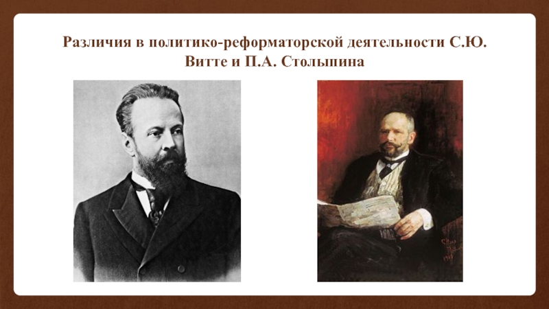 Слайд 8Различия в политико-реформаторской деятельности С.Ю.Витте и П.А. Столыпина
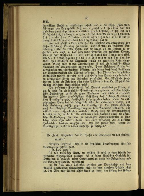 8. Die ersten Maigesetze und die weiteren kirchlichen Kämpfe.
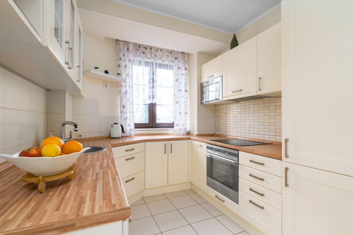 * Oddzielna kuchnia z oknem o powierzchni 10,2 m² w pełni wyposażona w zabudowie kuchennej znajduje się lodówka z zamrażarką, piekarnik, płyta indukcyjna
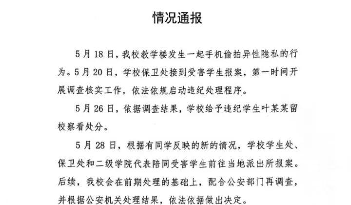 2. 浙江传媒学院通报“手机偷拍事件” 28日,浙江传媒学院发布一则情况通报称,该校日前发生一起手机偷拍异性隐私的行为。已给予违纪学生叶某某留校察看处分,后续会配合警方再调查。(浙江传媒学院)
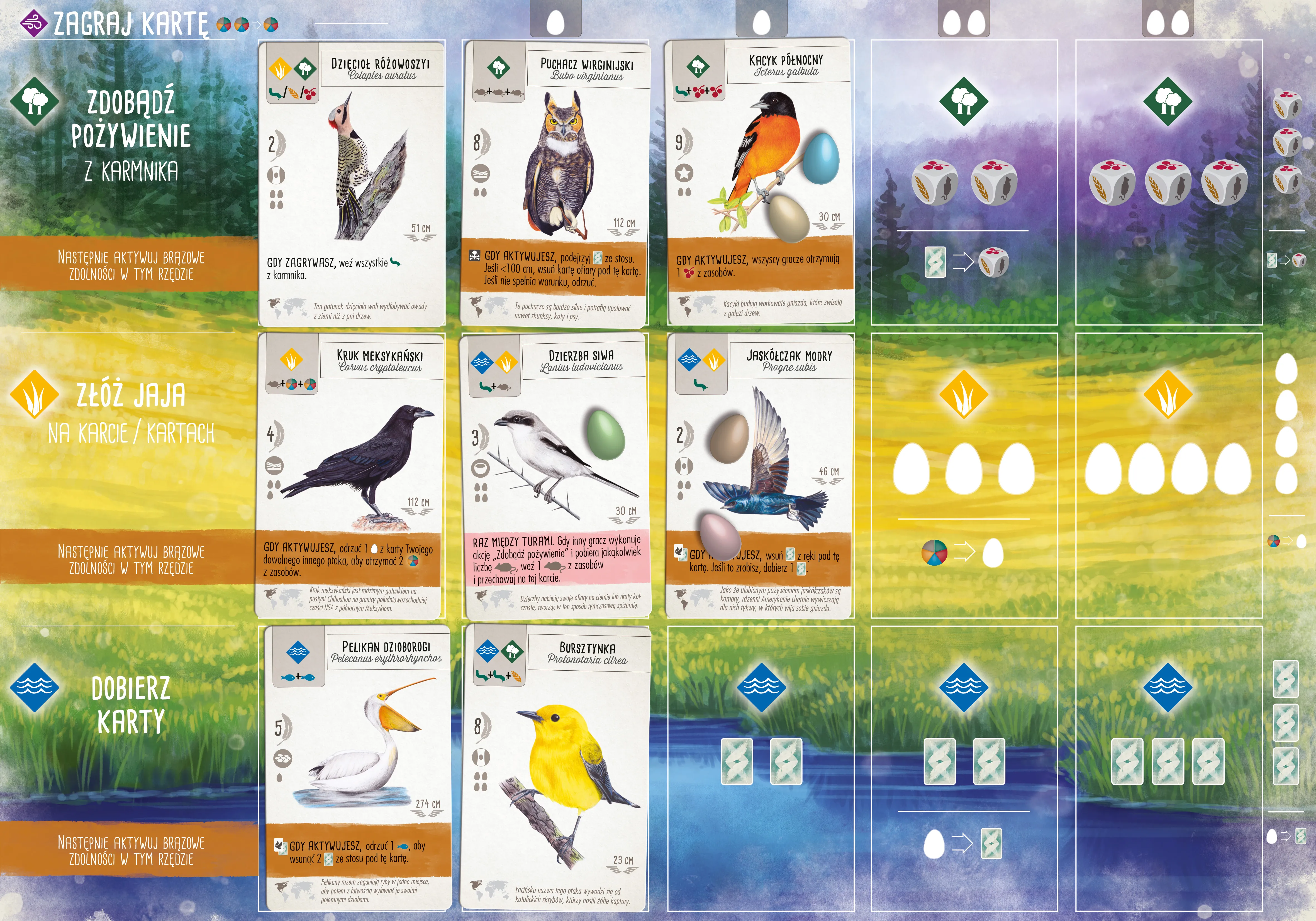 Magia Synergii: Wykonując trzy ostatnie akcje, aktywujesz jednocześnie wszystkie zdolności ptaków już zamieszkujących dany rząd. Dzięki temu z każdą turą Twoje działania stają się potężniejsze i dają więcej korzyści!
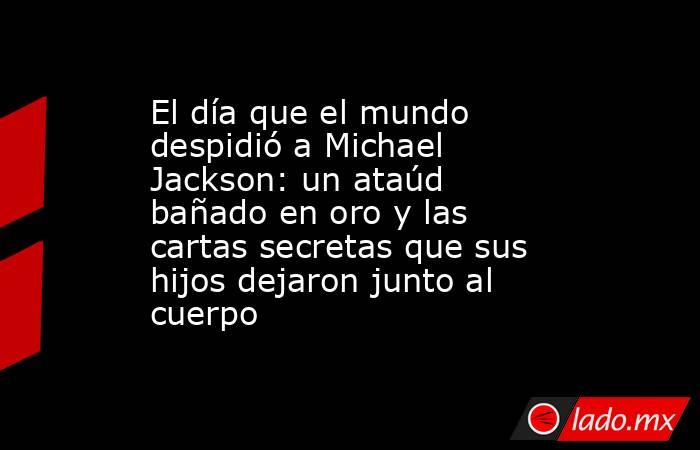 El féretro —bronce macizo, bañado en oro de 14 quilates, forrado en terciopelo azul— descansaba sobre una base de concreto, sellado para siempre. Costó 25.000 dólares. Dentro, el Rey del Pop vestía uno de sus trajes más brillantes, rostro maquillado, guantes blancos. Había algo más: las notas manuscritas de sus hijos, Prince, Paris y Blanket. Tres cartas en miniatura que sólo ellos conocían, metidas entre las telas, junto a su pecho.
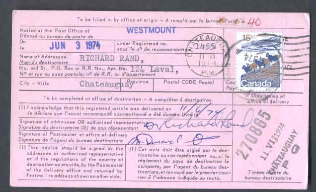 #9844 - 15c Mountain Sheep on AR card - Montreal , PQ - 3 VI 1974 - 15c franking pays the fee for the Acknowledge of Receipt card for registered mail
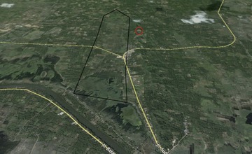 The Cina valley, looking south from above Sengkang. The early papace site is identified by the red circle.
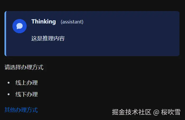这里实现的一个项目是ai对话的应用,特点是可能markdown里要混着各种业务组件,以及一些md的节点可以点击交互,比如列表项或者链接点击代替用户自动发送信息。
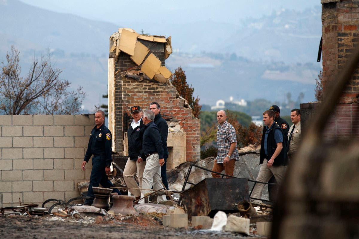 President Donald Trump visits a neighborhood impacted by the Woolsey Fire in Malibu, CA. (AP Photo/Evan Vucci)
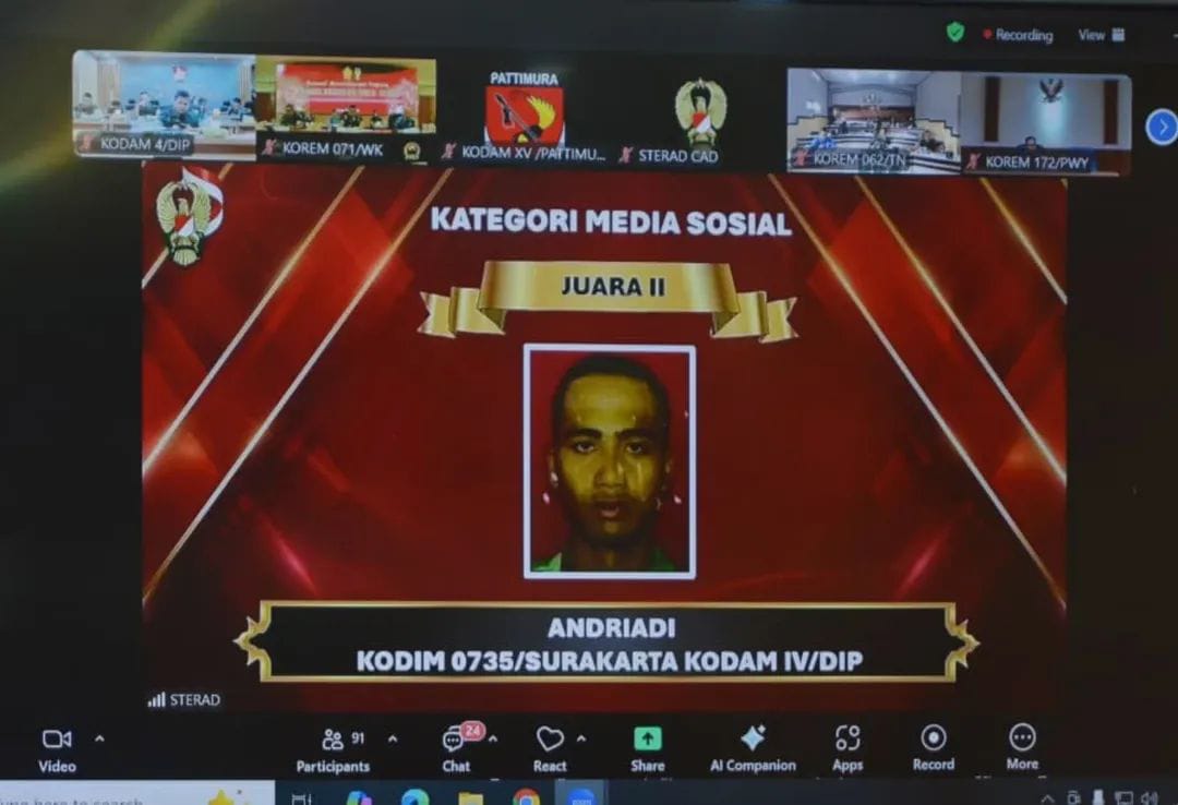 Rakornis TMMD ke-126 juga menjadi momen istimewa bagi Kodam IV/Diponegoro. Pada kesempatan tersebut, diumumkan hasil Lomba Dansatgas Terbaik dan Lomba Karya Jurnalistik (LKJ) TMMD ke-125 TA 2025. Kodam IV/Diponegoro berhasil menorehkan prestasi membanggakan di berbagai kategori. Juara Pertama Kategori Media Sosial diraih oleh Belinda Putri Sabrina Birton, S.Ked. dari platform TikTok wilayah Kodim 0722/Kudus, Korem 073/Makutarama, disusul Andriadi yang meraih Juara Kedua melalui YouTube wilayah Kodim 0735/Surakarta, Korem 074/Warastratama.

> What is needed:
From the line holding "#9844 - 15c" down to the final line of the entries above, print every line exactly. Pictures do not go in.

> Exercise answer:
 #9844 - 15c Mountain Sheep on AR card - Montreal , PQ - 3 VI 1974 - 15c franking pays the fee for the Acknowledge of Receipt card for registered mail
 The Cina valley, looking south from above Sengkang. The early papace site is identified by the red circle.
这里实现的一个项目是ai对话的应用,特点是可能markdown里要混着各种业务组件,以及一些md的节点可以点击交互,比如列表项或者链接点击代替用户自动发送信息。
 President Donald Trump visits a neighborhood impacted by the Woolsey Fire in Malibu, CA. (AP Photo/Evan Vucci)
 Rakornis TMMD ke-126 juga menjadi momen istimewa bagi Kodam IV/Diponegoro. Pada kesempatan tersebut, diumumkan hasil Lomba Dansatgas Terbaik dan Lomba Karya Jurnalistik (LKJ) TMMD ke-125 TA 2025. Kodam IV/Diponegoro berhasil menorehkan prestasi membanggakan di berbagai kategori. Juara Pertama Kategori Media Sosial diraih oleh Belinda Putri Sabrina Birton, S.Ked. dari platform TikTok wilayah Kodim 0722/Kudus, Korem 073/Makutarama, disusul Andriadi yang meraih Juara Kedua melalui YouTube wilayah Kodim 0735/Surakarta, Korem 074/Warastratama.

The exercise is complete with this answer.